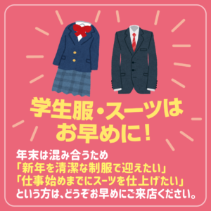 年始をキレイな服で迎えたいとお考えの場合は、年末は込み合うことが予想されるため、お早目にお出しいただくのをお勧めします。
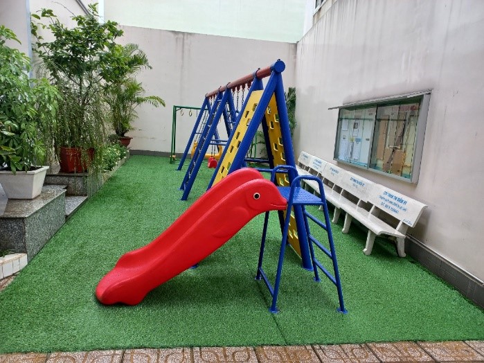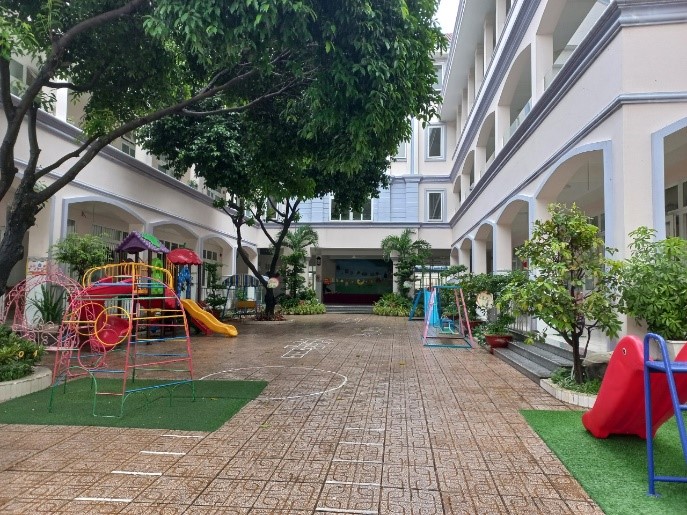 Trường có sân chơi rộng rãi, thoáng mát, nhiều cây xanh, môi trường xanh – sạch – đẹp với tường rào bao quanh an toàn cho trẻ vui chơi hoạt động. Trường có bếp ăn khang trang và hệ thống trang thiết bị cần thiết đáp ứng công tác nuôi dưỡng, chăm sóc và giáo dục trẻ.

...

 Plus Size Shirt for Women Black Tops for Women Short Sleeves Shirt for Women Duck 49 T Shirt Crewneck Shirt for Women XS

**WHAT IS BEING ASKED**: From the line holding "年始をキレイな服で迎えたいと" to the line holding "Trường có sân", both included, retype the entries above exactly and drop the pictures.

**RESULT FOR THIS EXERCISE**:
 年始をキレイな服で迎えたいとお考えの場合は、年末は込み合うことが予想されるため、お早目にお出しいただくのをお勧めします。
 Trường có sân chơi rộng rãi, thoáng mát, nhiều cây xanh, môi trường xanh – sạch – đẹp với tường rào bao quanh an toàn cho trẻ vui chơi hoạt động. Trường có bếp ăn khang trang và hệ thống trang thiết bị cần thiết đáp ứng công tác nuôi dưỡng, chăm sóc và giáo dục trẻ.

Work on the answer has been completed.